# Air conditioned kennels near Gibraltar Please.



## Jented (Jan 12, 2010)

Hi.
I am sure i read a post about some kennels near gibraltar,some members leave their dogs there while going over to Morroco. I have searched back over posts and i cannot find it anywhere,they are supposed to be very good and airconditioned,so i would appreciate any help on this.
Thanks in advance for any help you may be able to give.
Sassies Dad,Ted.


----------



## peedee (May 10, 2005)

We left our dog >here< when we went to Morocco. A clean well looked after place but not air conditioned. He came out after 3 weeks with no ill effects if a little dusty. I think he was looked after fairly well but it always difficult to tell. No dog particularly likes being kenneled! I would use them again.
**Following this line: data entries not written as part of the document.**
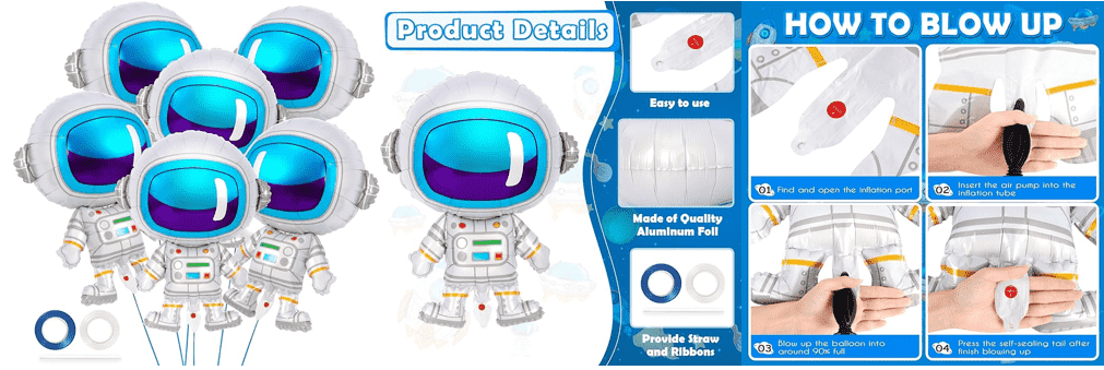 Есть распространенная форма тела космонавтов, показывающая изображение космонавтов в скафандре, некоторые модели с основой, надувные могут стоять. Существуют воздушные шары разных размеров, например 18 дюймов, 24 дюйма, 28 дюймов и т. д., а также некоторые более крупные воздушные шары, например, фольгированные шары с космонавтами высотой 65 см. В основном он используется для вечеринок по случаю дня рождения в космической тематике, вечеринок по случаю рождения ребенка, украшения детской комнаты и других мероприятий, которые могут добавить мероприятию радостную космическую атмосферу.
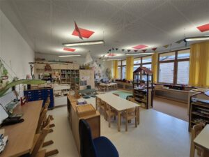 Im großen, hellen Atelier im Neubau können die Kinder ihrer Phantasie freien Lauf lassen. Beim freien Malen und Basteln sind ihrer Kreativität keine Grenzen gesetzt. Atelier
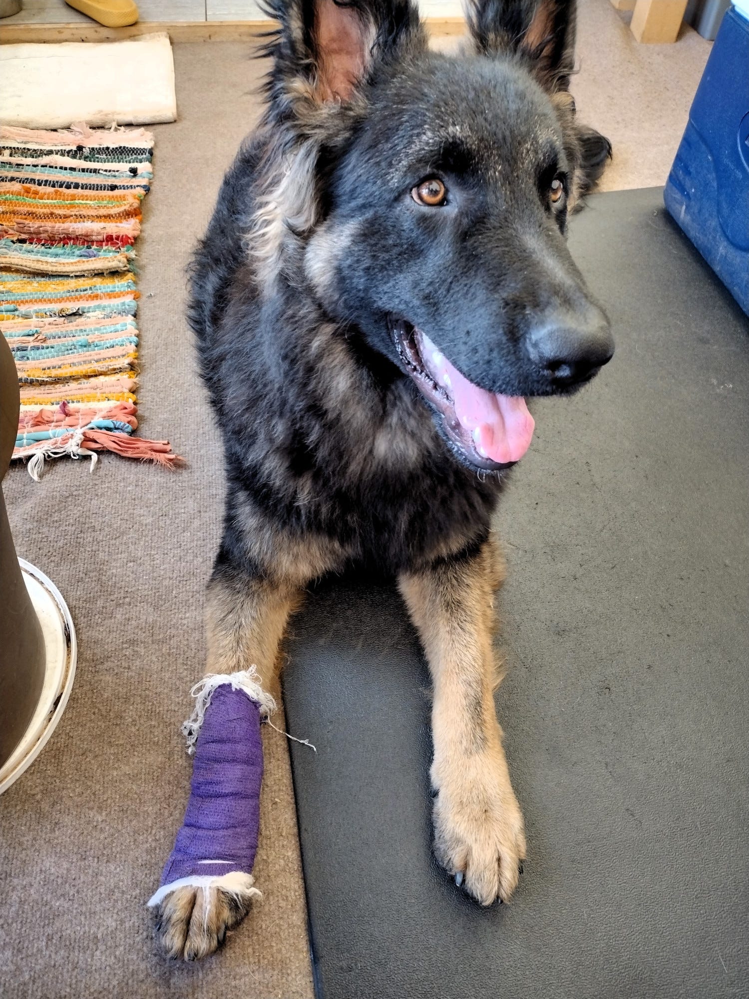 Unfortunately, a large part of Bonnie-Jean's time was taken up with the German Shepherds this week. A couple weeks ago, I mentioned how Dagger had to go t0 the emergency vet in Fair Grove, as a thorn in his paw had turned into a swollen mess over the weekend. Since then, Dagger has been to our local vet once and had a much-needed return visit canceled do to a clinic scheduling error. Finally, Jeremiah decided to take Dagger to Bradford Park Veterinary hospital in Springfield -- where he had taken him as a new puppy after he had some toxicity symptoms.
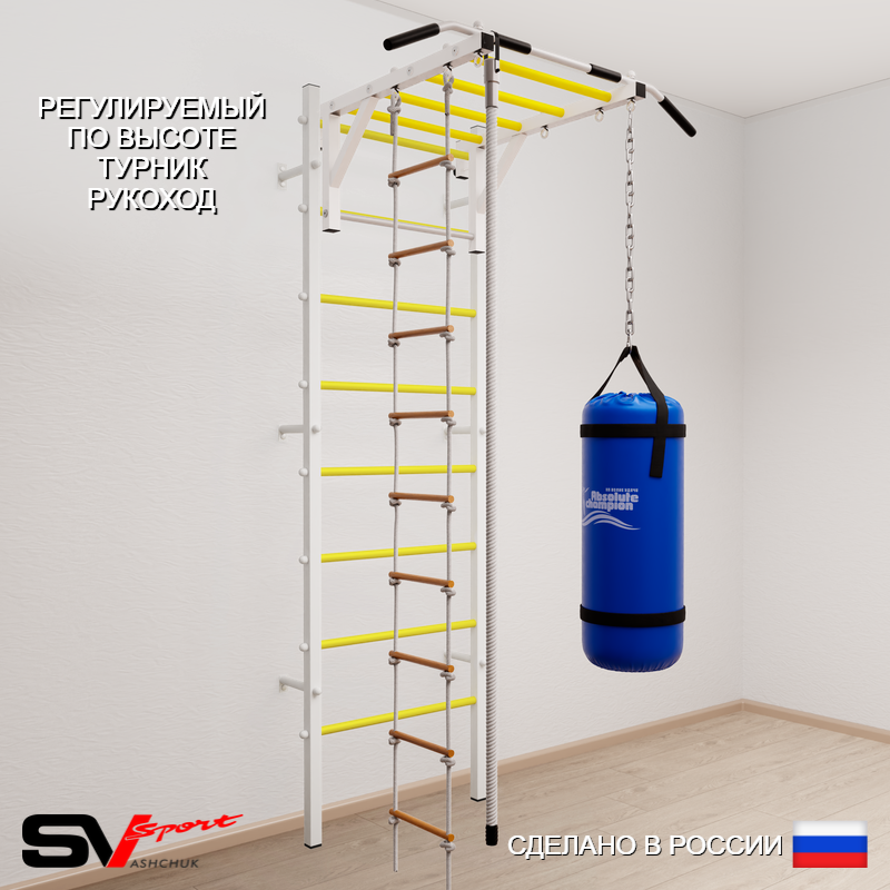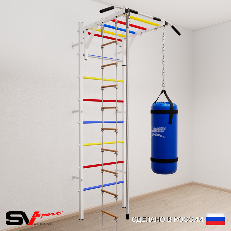 КОМПЛЕКТАЦИЯ: Шведская стенка Sv Sport (профиль вертикальных стоек 40 х 40 х 2 мм), Турник Sv Sport рукоход к ШС, Kанат, Лестница веревочная, Цепь удлинитель 90см, Мешок боксерский 15кг.
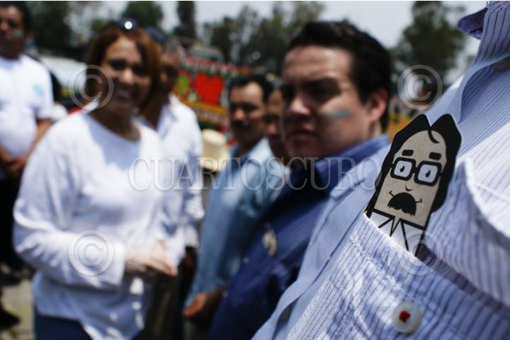 MÉXICO, D.F., 05MAYO2012.- Afiche de Gabriel Quadri, candidato a la presidencia de la república por el PANAL en la bolsa de la camisa de Carlos Del Valle; presidente del PANAL-DF siendo observado por Rosario Guerra, candidata a la Jefatura de gobierno del Distrito Federal por el Partido Nueva Alianza, durante un mitin en Tlahuac. FOTO: NIMROD CRUCES /CUARTOSCURO.COM
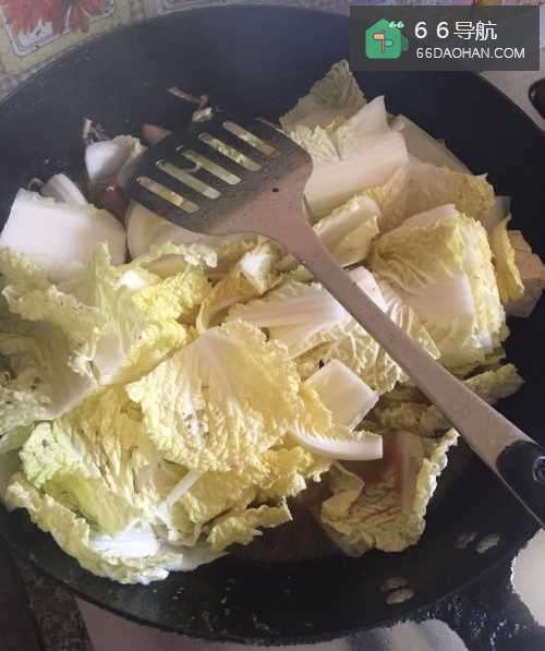 5放入白菜,翻炒,然后放入少量盐,早放盐白菜容易出水,盖上锅盖闷煮5分钟,即可出锅。
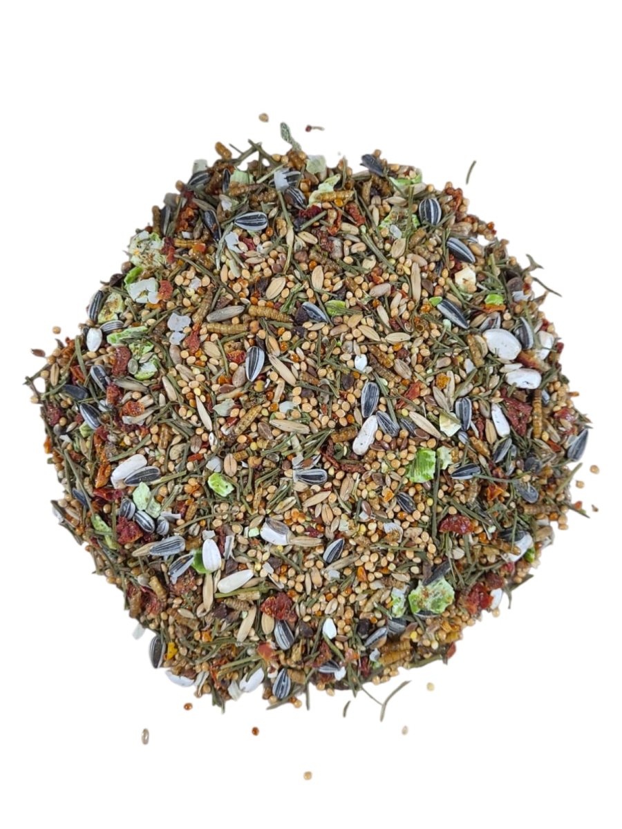 Ingrediënten: Tarwe, witzaad, zonnebloempitten, gepunte en gepelde haver, boekweit, lijnzaad, paddy, kardi, dari, hennep, peterseliestengels, gedroogde meelwormen, erwtenvlokken, gedroogde tomaat.
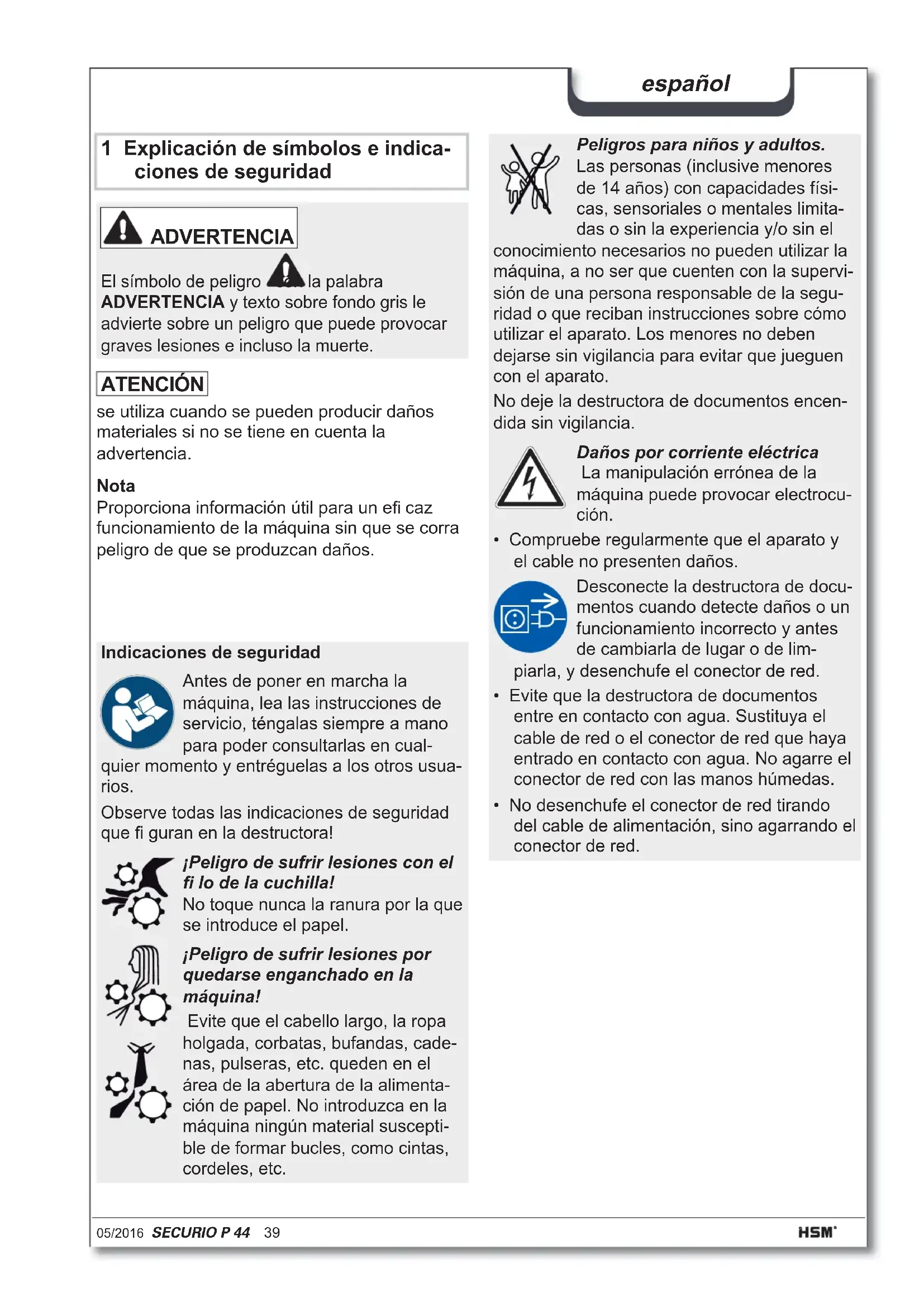 - Il numero massimo di fogli (DIN A4, 70 g/m² e 80 g/m²), introdotti longitudinalmente, che vengono tagliati in un unico passaggio. I risultati di capacità indicati vengono calcolati utilizzando un utensile da taglio nuovo e lubrifi cato e un motore freddo. Una tensione di rete più debole o una frequenza di rete diversa da quella indicata possono determi- nare una riduzione della capacità di taglio e un aumento del suono di scorrimento. La capacità di taglio può variare a seconda della struttura e delle caratteristiche della carta e dal tipo di immissione.05/2016 SECURIO P 44 39 español 1 Explicación de símbolos e indica- ciones de seguridad Nota Proporciona información útil para un efi caz funcionamiento de la máquina sin que se corra peligro de que se produzcan daños. ADVERTENCIA El símbolo de peligro con la palabra ADVERTENCIA y texto sobre fondo gris le advierte sobre un peligro que puede provocar graves lesiones e incluso la muerte. Indicaciones de seguridad Antes de poner en marcha la máquina, lea las instrucciones de servicio, téngalas siempre a mano para poder consultarlas en cual- quier momento y entréguelas a los otros usua- rios. Observe todas las indicaciones de seguridad que fi guran en la destructora! ¡Peligro de sufrir lesiones con el fi lo de la cuchilla! No toque nunca la ranura por la que se introduce el papel. ¡Peligro de sufrir lesiones por quedarse enganchado en la máquina! Evite que el cabello largo, la ropa holgada, corbatas, bufandas, cade- nas, pulseras, etc. queden en el área de la abertura de la alimenta- ción de papel. No introduzca en la máquina ningún material suscepti- ble de formar bucles, como cintas, cordeles, etc. Peligros para niños y adultos. Las personas (inclusive menores de 14 años) con capacidades físi- cas, sensoriales o mentales limita- das o sin la experiencia y/o sin el conocimiento necesarios no pueden utilizar la máquina, a no ser que cuenten con la supervi- sión de una persona responsable de la segu- ridad o que reciban instrucciones sobre cómo utilizar el aparato. Los menores no deben dejarse sin vigilancia para evitar que jueguen con el aparato. No deje la destructora de documentos encen- dida sin vigilancia. Daños por corriente eléctrica La manipulación errónea de la máquina puede provocar electrocu- ción.
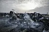 Förödelsen är stor efter den brand som bröt ut i ett palestinskt tältläger till följd av ett israeliskt flyganfall mot två Hamasledare.
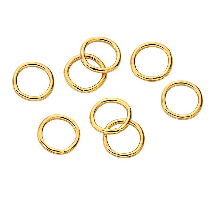 This 14/20 yellow gold-filled round closed ring is an ideal connector for gold-filled designs. It is plated with 14-karat yellow gold to ensure a uniform color.Closed rings have no opening and are ideal as attach rings for clasps, as end rings on strung or wire-wrapped pendants, drop or dangle designs, or as connecting rings between fabricated or metal-formed links and components. A closed ring presents a strong, smooth finish with no joint and no need to solder.

The other place we consider was http://www.petcarespain.com/index.htm but never did give it the once over.

peedee


----------



## Jented (Jan 12, 2010)

Hi.
Thanks Peedee, I had just looked at that one on the web,and thought i recognised the "Gates", was it you who posted?.
Thanks again for your trouble,will let you know how we get on.
Ted.


----------



## peedee (May 10, 2005)

I feel sure I have posted before on this subject but I cannot find it  

peedee


----------



## Jented (Jan 12, 2010)

Hi.
You are not alone!! :lol: :lol: :lol: 
Ted.


----------